Clothing retailer Gap (GPS) has reported mixed financial results for this year’s second quarter due to sluggish consumer spending and weakening demand.
The San Francisco-based company announced earnings per share (EPS) of $0.34 U.S. versus $0.09 U.S. that was expected on Wall Street.
Revenue in the quarter ended June 30 totaled $3.55 billion U.S. compared to $3.57 billion U.S. that was forecast by analysts.

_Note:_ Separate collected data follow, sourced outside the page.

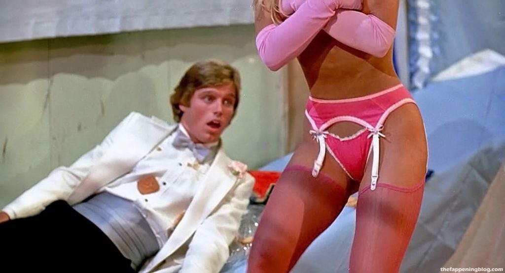 Ecco Heather Thomas in piedi con un vestito rosa da ballo, che guarda con aria compiaciuta un ragazzo. Lui usa la mente per abbassarle il vestito rosa con la telecinesi, mostrandoci un lampo dei suoi seni nudi (controfigura). Poi lei si copre il petto con le braccia. Poi l’uomo usa di nuovo il potere telecinetico per strappare il vestito, rivelando infine le sue mutandine rosa. Infine, lei scappa inseguita da un ragazzo, mentre Felice Schachter e il ragazzo che le ha strappato il vestito guardano.
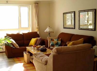 客廳是家中最寬敞明亮的空間了,色調(diào)沿用了整個(gè)房屋所采用的中性暖色系。墻漆是淡淡的粉橙色,頂是乳白色,門也是乳白色。除了門廳的主題墻,我家所有墻漆都是來(lái)威漆,顏色正,亞光的質(zhì)感也不錯(cuò),后來(lái)我才知道,宜家的樣板間也全部用這個(gè)牌子的漆。整個(gè)客廳的用色曾被我形容為“牛奶+咖啡”,用在沙發(fā)上是最貼切的。沙發(fā)是北京的老品牌宏遠(yuǎn)山水,很墩實(shí)耐用,具有美式風(fēng)格典型的寬大舒適,靠背比一般沙發(fā)要高,老公最喜歡這種坐上就陷進(jìn)去的感覺,款式是他拍的板。茶幾和沙發(fā)邊桌是在建材超市選的質(zhì)量好的集成材,木工師傅根據(jù)我的要求打制的,本想要個(gè)方形的,可沒(méi)有寬度合適的集成材,留下了一點(diǎn)遺憾。
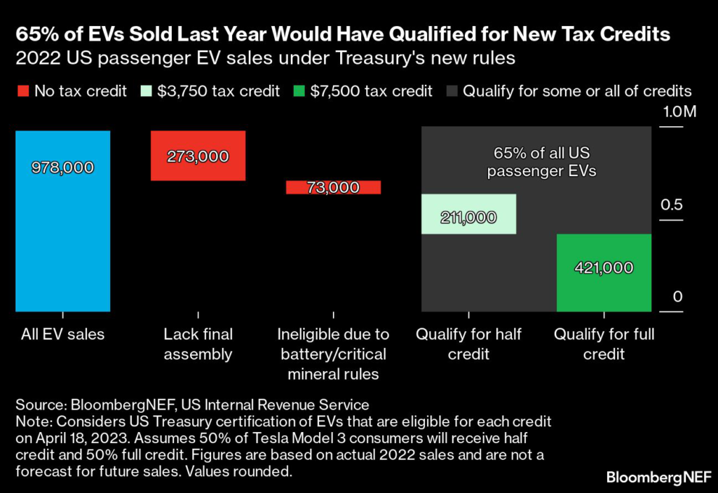 With the update released by the Treasury Department on April 17, buyers finally have clarity on which cars qualify for as much as $7,500 in benefits. (BloombergNEF)

Revenue was down 8% from a year earlier.
Looking ahead, Gap is forecasting net sales to decrease in the low double-digit range for the current third quarter compared to last year’s Q3 sales of $4.04 billion U.S.
Analysts had expected Q3 sales to decline 6.8%, according to Refinitiv data.
Gap’s operations have been under pressure for numerous quarters as it struggles to hang on to market share in a difficult operating environment.
During an earnings call with analysts, Gap executives talked about a “weak environment,” “choppy consumer market” and a consumer that’s “under pressure.”
On a positive note, Gap’s gross margins rose 3.1 percentage points to 37.6% during Q2 of this year due to lower air freight expenses and a slowdown in discounting.
Gap also has a new chief executive officer (CEO) in Richard Dickson, who was previously an executive at toymaker Mattel (MAT).
Gap’s stock has declined 16% this year to trade at $9.53 U.S. per share.